# Nearly 20 guppy fry!!!



## Cichlidsrule (Nov 8, 2006)

Probably over that, but I haven't gotten a chance to count them yet 
But of course, already I have a problem. None of them are eating. I've tried BBS, special fry food, infusoria-- they won't eat. Is it possible that they're just not hungry yet (they're only a few days old)?


----------



## Chaos553 (Apr 2, 2007)

all i did was put some flakes in a ziploc bag and crush them to a dust. i poured little amounts a couple times a day and they ate with no problem.


----------



## oliesminis (May 7, 2007)

ive found that livebearer fry dont generally eat for the first day. however after that the problem is stopping them over eating

hope they do ok


----------



## Cichlidsrule (Nov 8, 2006)

Ok.
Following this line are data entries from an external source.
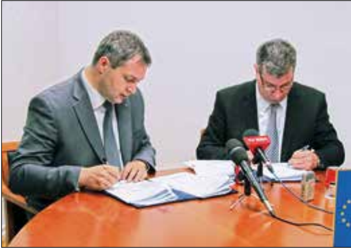
Podpis pogodbe za kanalizacijo in čistilno napravo

velik uspeh. Ta dan bo gotovo zapisan kot pomemben v zgodovini občine. Prepričan je, da bo občina ob že toliko vloženega truda za pridobitev nepovratnih sredstev projekt uspešno pripeljala do konca. Poudaril je pomembnost črpanja evropskih in državnih sredstev, poseben pomen pa ima reševanje okoljskih problemov, saj podatki o stanju zraka in površinske vode v R Sloveniji niso ravno zadovoljivi. Pitna voda mora ostati javna dobrina.
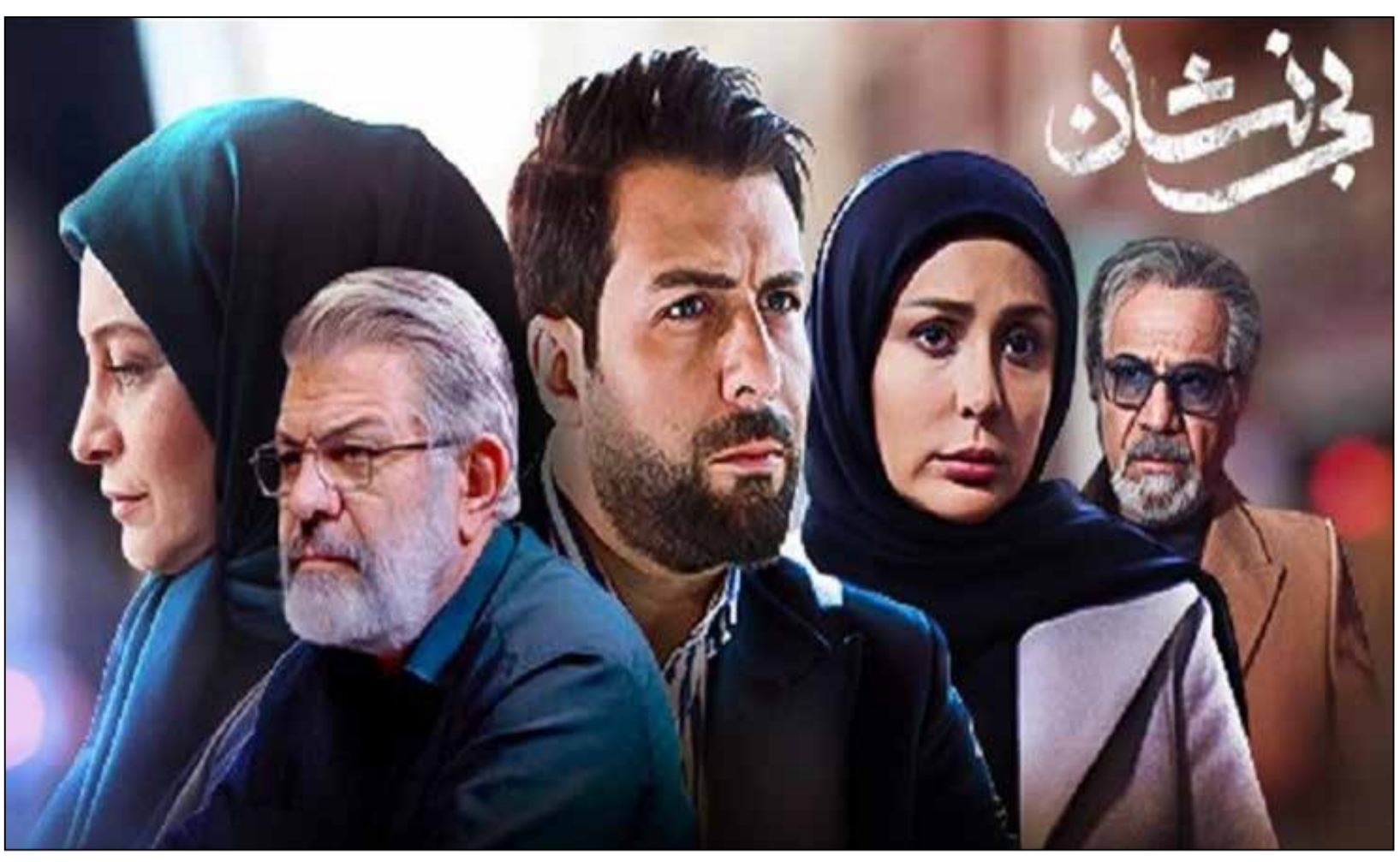
از واقعیت تا تصور در شخصیت‌پردازی
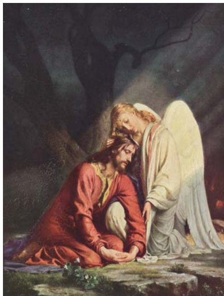
«Kristus i Getsemane» av Carl Bloch. Forarbeid til altertavlen i Odense, malt 1878-79

Han er det største under i tilværelsen. →
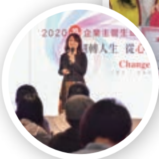
企業主管 生命成長營

Thanks!


----------



## darkfalz (May 7, 2006)

Mine never took the powdered stuff until I stimulated their appetites with live food (microworms). Although they did like the Sera micron - they readily ate any crushed flakes/mikropan after eating the live food.


----------



## guppyart (Jan 22, 2005)

all I ever did was wait 2 days and then fed crushed flake food, they took it perfectly fine


----------



## Guest (Jun 26, 2007)

guppyart said:


> all I ever did was wait 2 days and then fed crushed flake food, they took it perfectly fine


Same here. I haven't had any problems feeding guppy fry this way.


----------



## Chaos553 (Apr 2, 2007)

are they eating yet?


----------



## davedudeman (Jun 25, 2007)

You may wanna try placing a hard boiled egg yolk in a cup of water for 12hrs.
Once the water has broken up the yolk a little just feed them little drops in a fairly small tank.


----------



## Cichlidsrule (Nov 8, 2006)

Cool, thanks!


----------



## kamanut (Jul 26, 2007)

Yeah my guppies never had a problem eating anything. When they are just born, I feed them Hikari Tropic First Bites...it works great. Then, once they are bigger, I feed them either regular food that I've mashed to bits in a bag, or HBH Baby Bites. None of my babies have ever had a problem (guppies or swordtails), and I just gave away over 120 baby guppies to one of the local pet stores.


----------